Un vescovo che cammina con il popolo, fatica e suda con il popolo, scherza e prega con il popolo dall’inizio alla fine,
devo sottolineare dall’inizio alla fine perché è proprio quando ormai eravamo giunti alla meta prefissata che mi sono
sentita abbracciata dall’amore sacerdotale di questo sacerdote nel momento in cui le guide ci hanno vietato di
percorrere a piedi l’ultimo tratto ritenuto troppo pericoloso per il caldo io mi sono rivolta a lui proponendo di salire a
piedi solo io lui e pochi altri che se la sentivano, cavoli ero venuta fino qui tanta fatica e poi ci mollo all’ultimo,
proprio gli ultimi 4 km prima della croce? “Eccellenza” - gli ho detto - “io la Croce la porto fino alla fine, noi
andiamo a piedi l’importante che facciamo salire i pellegrini sui pullmini”. Lui con una tranquillità quasi fuori
dall’umano mi ha risposto: “Siamo stati in comunione fino ad ora, abbiamo condiviso tutto nel Signore, saliamo tutti
insieme sui pullmini e il Signore che legge nel tuo cuore trasformerà in grazia anche questo tuo sacrificio di rinuncia”.
Non potevo rispondere male a un vescovo allora con una scusa mi sono girata e ho cominciato a piangere, stupita però
del fatto che non erano lacrime di rabbia ma di chi si era sentito smontato e poi rimontato dall’Amore di Dio Padre,
completamente svestita dalla presunzione di potercela fare con le mie forze e rivestita dalla Sua Grazia.

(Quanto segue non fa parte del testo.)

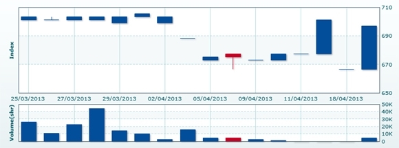ベトナム株情報 > ベト株ニュース > カンボジア株 > 4/19:CSXインデックスは前日比+4.51%高の696.77
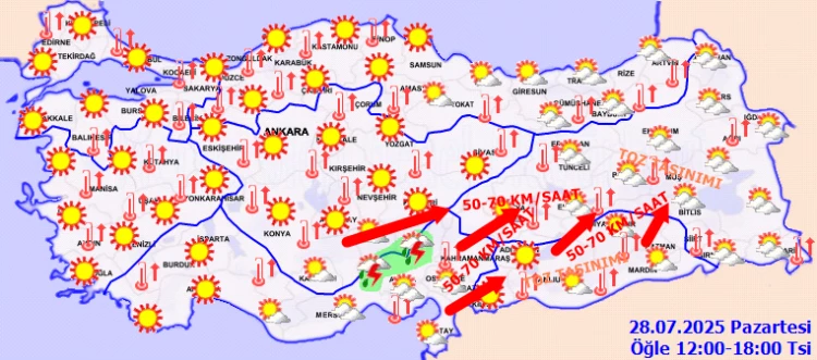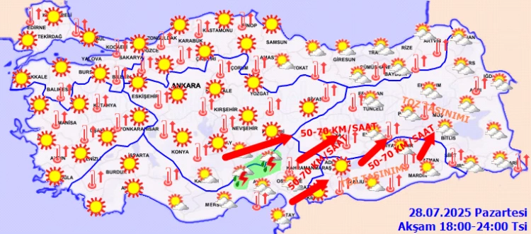 Rüzgarın, Doğu Akdeniz, İç Anadolu'nun güneydoğusu, Doğu Anadolu’nun güneybatısı ve Güneydoğu Anadolu’da güney ve güneybatı yönlerden kuvvetli ve kısa süreli fırtına (50-70 km/saat) şeklinde esmesi beklendiğinden yaşanabilecek olumsuzluklara karşı dikkatli ve tedbirli olunması gerekmektedir.

Il mio
incontro con il vescovo Cavina è iniziato 3 anni fa con una carezza da Lui ricevuta ed oggi continua con questo
abbraccio in comunione agli altri pellegrini consapevoli che la vita è un dono prezioso e che la più alta espressione del
dono è il martirio come lui ha scritto nel libretto che ci ha consegnato sulla vocazione, a conclusione della camminata.
Grazie monsignore di averci fatto comprendere che la più alta espressione del dono di sé è il martirio ma che
possiamo ugualmente viverlo quotidianamente nelle nostre fatiche quotidiane.

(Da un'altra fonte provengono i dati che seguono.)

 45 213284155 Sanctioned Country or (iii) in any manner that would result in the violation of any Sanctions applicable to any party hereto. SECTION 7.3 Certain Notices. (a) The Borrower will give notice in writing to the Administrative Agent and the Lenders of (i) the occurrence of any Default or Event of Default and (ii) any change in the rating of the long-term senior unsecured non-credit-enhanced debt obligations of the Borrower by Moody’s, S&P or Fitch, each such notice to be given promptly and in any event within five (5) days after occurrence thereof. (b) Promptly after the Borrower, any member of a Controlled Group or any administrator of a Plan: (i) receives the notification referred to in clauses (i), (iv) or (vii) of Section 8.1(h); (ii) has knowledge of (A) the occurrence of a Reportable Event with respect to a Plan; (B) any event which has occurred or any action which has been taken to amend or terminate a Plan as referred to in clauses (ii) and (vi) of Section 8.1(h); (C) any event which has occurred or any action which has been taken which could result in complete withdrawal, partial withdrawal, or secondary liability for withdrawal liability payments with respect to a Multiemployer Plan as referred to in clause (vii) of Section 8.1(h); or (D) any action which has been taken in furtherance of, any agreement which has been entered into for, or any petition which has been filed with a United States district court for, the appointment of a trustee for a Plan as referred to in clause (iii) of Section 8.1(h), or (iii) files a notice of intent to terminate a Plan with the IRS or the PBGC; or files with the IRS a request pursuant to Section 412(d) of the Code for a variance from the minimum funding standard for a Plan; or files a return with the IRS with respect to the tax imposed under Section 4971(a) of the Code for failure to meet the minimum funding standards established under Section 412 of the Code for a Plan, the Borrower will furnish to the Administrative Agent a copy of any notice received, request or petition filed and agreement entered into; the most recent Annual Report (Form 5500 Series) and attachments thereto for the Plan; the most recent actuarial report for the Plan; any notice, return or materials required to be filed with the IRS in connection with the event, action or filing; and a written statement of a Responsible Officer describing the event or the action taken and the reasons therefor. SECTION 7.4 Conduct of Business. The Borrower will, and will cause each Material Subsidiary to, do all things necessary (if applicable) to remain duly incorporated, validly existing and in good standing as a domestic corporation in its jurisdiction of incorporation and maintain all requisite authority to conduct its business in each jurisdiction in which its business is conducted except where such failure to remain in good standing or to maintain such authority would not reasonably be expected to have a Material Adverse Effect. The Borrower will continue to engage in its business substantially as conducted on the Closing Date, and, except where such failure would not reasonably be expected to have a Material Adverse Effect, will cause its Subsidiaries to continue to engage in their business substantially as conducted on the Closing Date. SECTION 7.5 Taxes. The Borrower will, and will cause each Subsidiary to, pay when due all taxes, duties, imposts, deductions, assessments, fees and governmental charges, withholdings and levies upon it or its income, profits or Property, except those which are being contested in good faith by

A conclusione dei due giorni siamo stati arricchiti dalla celebrazione della santa Messa in ricordo di don Dario Zanini,
che pose la croce a Monte Venere nel 1956 come segno di pace, presieduta dalla preziosa presenza di Mons. Luigi
Negri che, arrivato da Ferrara, non è salito alla croce in macchina ma si è fatto scaricare cinquecento metri prima
percorrendoli a piedi in salita pur non godendo di ottima salute: piccolo gesto anche questo in comunione a noi
pellegrini e, parlando del martirio, ha ribadito che “la vita è vera e bella, bella perché è vera e vera perché si esprime
nella bellezza”. E questa bellezza vera l’abbiamo vissuta insieme nel trekking in comunione sostenendoci a vicenda,
alla presenza del sindaco di Monzuno e sindaco di Monghidoro abbiamo innalzato il colletto clergy di don Dario sulla
sua croce come segno di fedeltà sacerdotale. Grazie cari Vescovi e seminaristi.